AIM OF THE TASK: The output is the line containing "Juego de cinta" plus every later line down to the end of the listing below, copied exactly. No pictures belong in it.

DATASET EXCERPT:
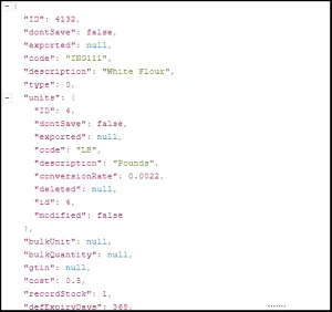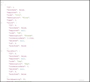 Podemos ver aqui um exemplo de uso de classes aninhadas relacionadas ao ‘Commodity’ ponto final. Neste caso, incluímos o recuo ‘units’ e ‘bulkUnit’ pontos de dados, permitindo-nos definir a UM padrão da mercadoria, bem como sua unidade a granel. Uma vez que ambos fazem uso do ‘WeightUnit’ class, podemos usar o manual da API V5 para nos guiar até esses pontos de dados usando o seguinte caminho:
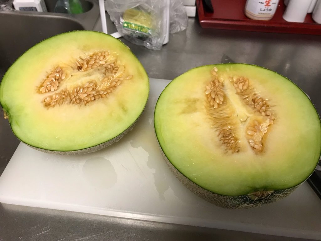 メロンは丸ごと一個、ふうふう言って運んでいます。
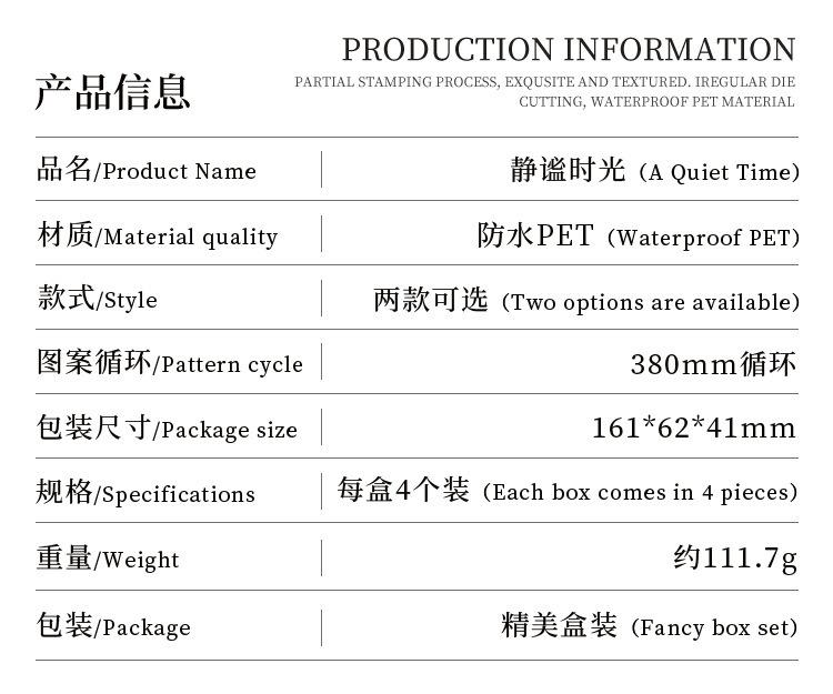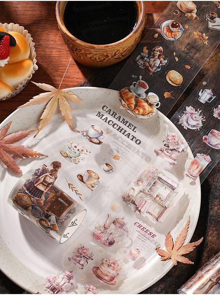 Juego de cinta adhesiva transparente impermeable de PET Quiet Time, pegatinas para diario de cuentas de mano, pegatinas decorativas de cuentas de mano retro transfronterizas
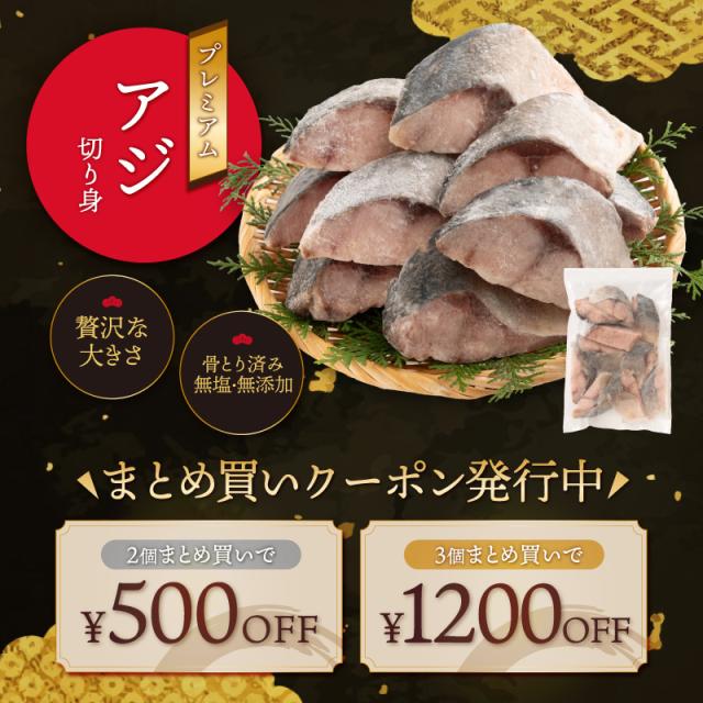 【無添加・無塩】プレミアム 骨取り 鰺 アジ 切り身 大サイズ (80g×10切) 2個購入500円 3個購入1,200円 OFF まとめ買いクーポン付 天然 骨なし チャック袋 バラ凍結 冷凍 グルメ ギフト プレゼント

SOLUTION TO THIS PROBLEM:
 Juego de cinta adhesiva transparente impermeable de PET Quiet Time, pegatinas para diario de cuentas de mano, pegatinas decorativas de cuentas de mano retro transfronterizas
 【無添加・無塩】プレミアム 骨取り 鰺 アジ 切り身 大サイズ (80g×10切) 2個購入500円 3個購入1,200円 OFF まとめ買いクーポン付 天然 骨なし チャック袋 バラ凍結 冷凍 グルメ ギフト プレゼント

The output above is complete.